Мой Михаэль
Шрифт:
— Когда ты выздоровеешь, мы уедем куда-нибудь далеко, — сказал Михаэль, — может быть, в кибуц Ноф Гарим. Возможно, оставим мальчика под присмотром твоей мамы или брата, а мы с тобой отправимся в дом отдыха. Наверно, в Эйлат. Или в Нагарию. Спокойной ночи, Хана. Я выключу свет и вынесу в коридор электропечку. Видимо, я допустил какую-то ошибку, хотя и не знаю, какую. То есть я не знаю, что я должен был сделать, чтобы предотвратить все это. И чего нельзя было делать, чтобы не довести тебя до такого состояния? В Холоне, в начальной школе, был у меня учитель физкультуры, которого звали Ихиам Пелед. Он прозвал меня «олух Ганс», потому что у меня были несколько замедленные рефлексы. Я был очень силен в математике и английском и сущим «олухо Гансом» на уроках физкультуры. У каждого человека ее свои достоинства и недостатки. Как это банально. И к делу не относится. Я хотел сказать тебе, Хана, что я — со своей стороны — очень рад тому, что мы женаты, и я — на тебе, а не на ком-нибудь другом. И я всегда буду
На следующее утро Яир спросил:
— Мама, если бы папа был королем, — верно, я был бы герцогом?

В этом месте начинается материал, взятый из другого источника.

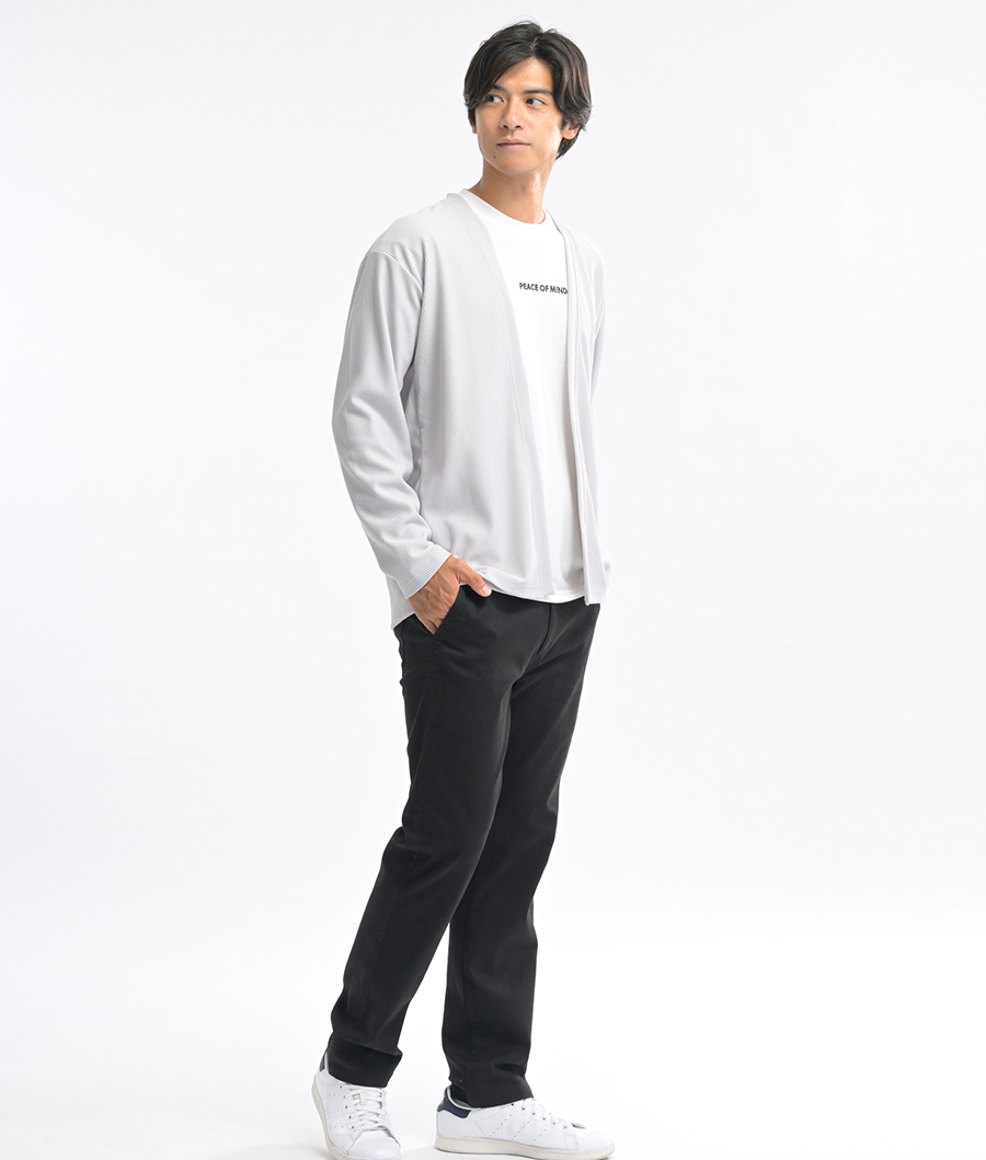 ~サテン織りのストレッチパンツ。ウエストゴム仕様で履き心地抜群。どんなトップスとも合わせ易いおすすめの1本。~

— Если бы бабушка крылья имела, орлом в поднебесье она бы взлетела, — хрипло прошептала я, улыбаясь.
Яир молчал. Быть может, пытался представить суть рифмованной присказки, переводя ее на язык образов. Отверг нарисованную в воображении картину. И наконец, изрек вполне спокойно:
— Нет, бабушка с крыльями — это все равно бабушка, а не орел. Ты просто выдумываешь вещи, которых не может быть. Как в сказке о Красной Шапочке, когда они тащили бабушку из брюха волка. Но волчье брюхо — это не кладовка. И волки свою добычу рвут острыми зубами.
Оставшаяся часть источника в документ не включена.